About this exercise:
Given the records below, the lines starting at the line with "HET HEEFT EEN" and ending at the line with "Girl posing behind" should be output exactly, both end lines kept and pictures left out.

Given records:
########

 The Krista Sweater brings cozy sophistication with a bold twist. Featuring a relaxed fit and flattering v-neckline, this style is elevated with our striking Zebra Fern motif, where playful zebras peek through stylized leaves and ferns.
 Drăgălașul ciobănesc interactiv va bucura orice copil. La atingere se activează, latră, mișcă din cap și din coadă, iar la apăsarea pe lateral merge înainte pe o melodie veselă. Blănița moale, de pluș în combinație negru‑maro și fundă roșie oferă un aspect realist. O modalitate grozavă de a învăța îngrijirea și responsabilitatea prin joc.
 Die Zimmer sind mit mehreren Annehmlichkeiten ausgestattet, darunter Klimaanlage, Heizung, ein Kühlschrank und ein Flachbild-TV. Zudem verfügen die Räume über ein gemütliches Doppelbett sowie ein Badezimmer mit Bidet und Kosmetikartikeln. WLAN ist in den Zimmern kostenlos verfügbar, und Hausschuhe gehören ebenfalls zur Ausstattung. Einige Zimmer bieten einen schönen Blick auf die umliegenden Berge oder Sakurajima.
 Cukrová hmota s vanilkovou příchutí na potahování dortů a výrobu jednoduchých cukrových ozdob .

########

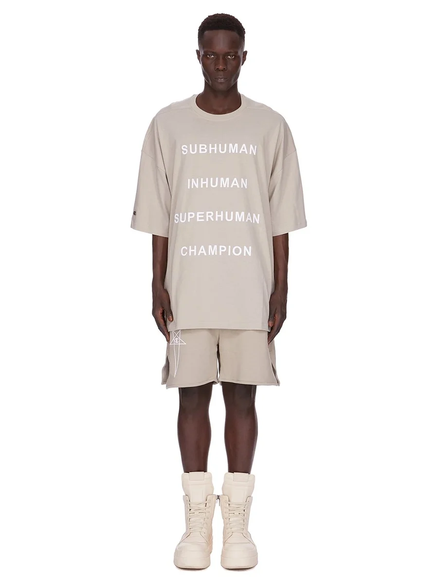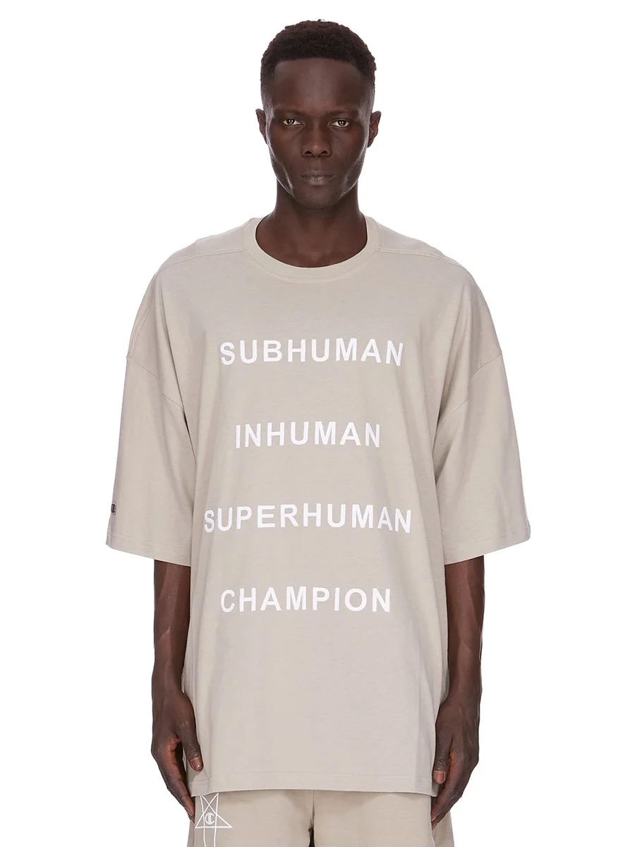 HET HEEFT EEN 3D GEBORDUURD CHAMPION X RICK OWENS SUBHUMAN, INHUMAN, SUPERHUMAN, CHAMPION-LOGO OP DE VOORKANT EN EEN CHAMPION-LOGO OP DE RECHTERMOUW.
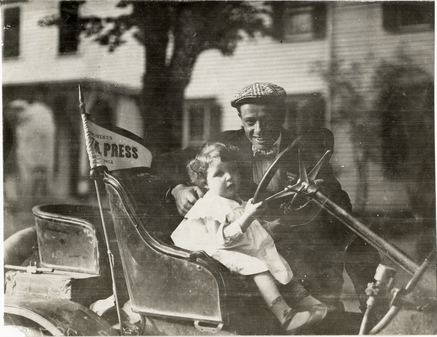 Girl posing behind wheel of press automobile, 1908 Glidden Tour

########

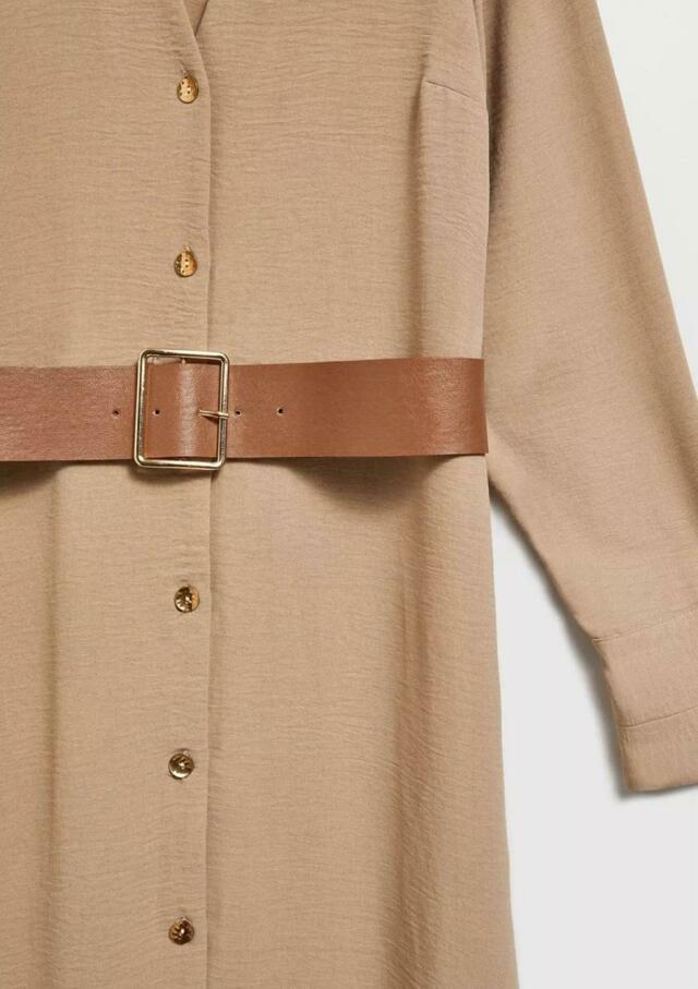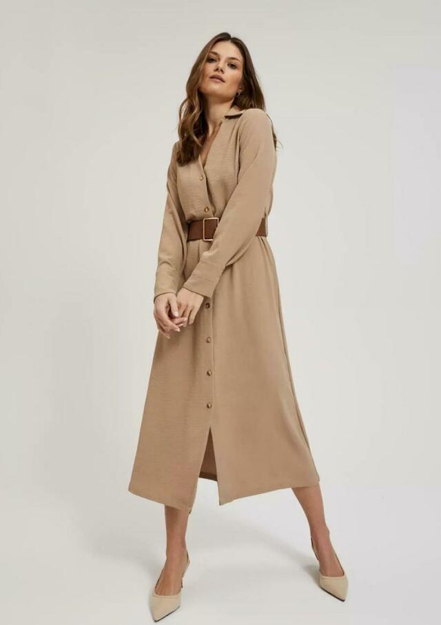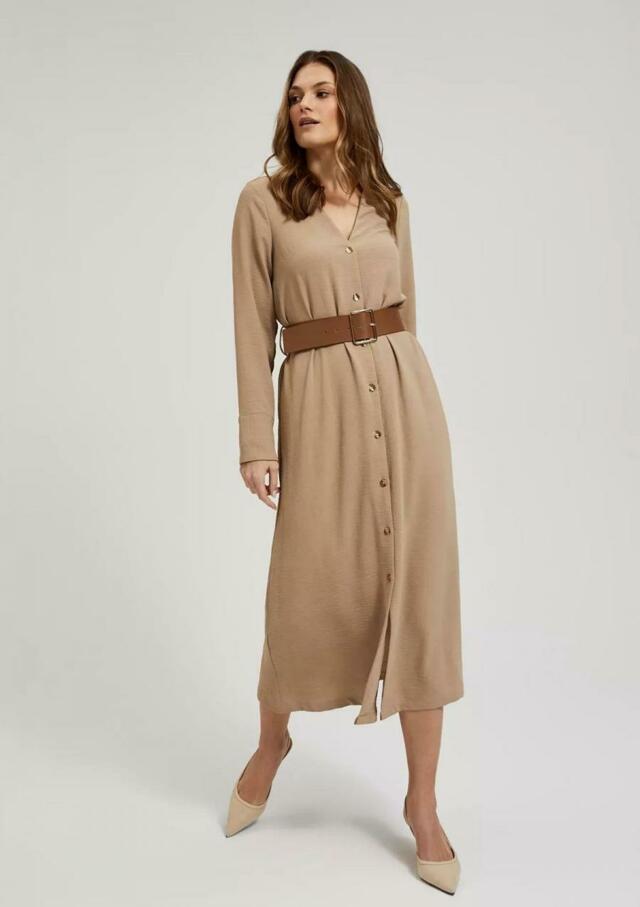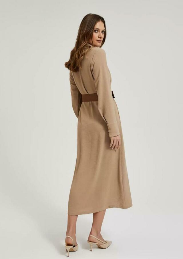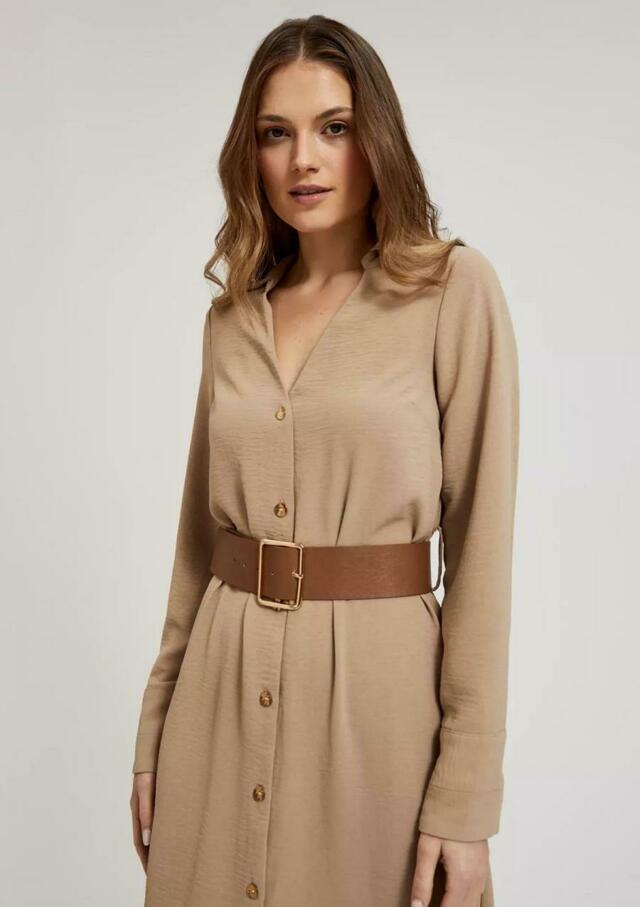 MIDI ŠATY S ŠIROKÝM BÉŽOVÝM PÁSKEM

########

Response area:
 HET HEEFT EEN 3D GEBORDUURD CHAMPION X RICK OWENS SUBHUMAN, INHUMAN, SUPERHUMAN, CHAMPION-LOGO OP DE VOORKANT EN EEN CHAMPION-LOGO OP DE RECHTERMOUW.
 Girl posing behind wheel of press automobile, 1908 Glidden Tour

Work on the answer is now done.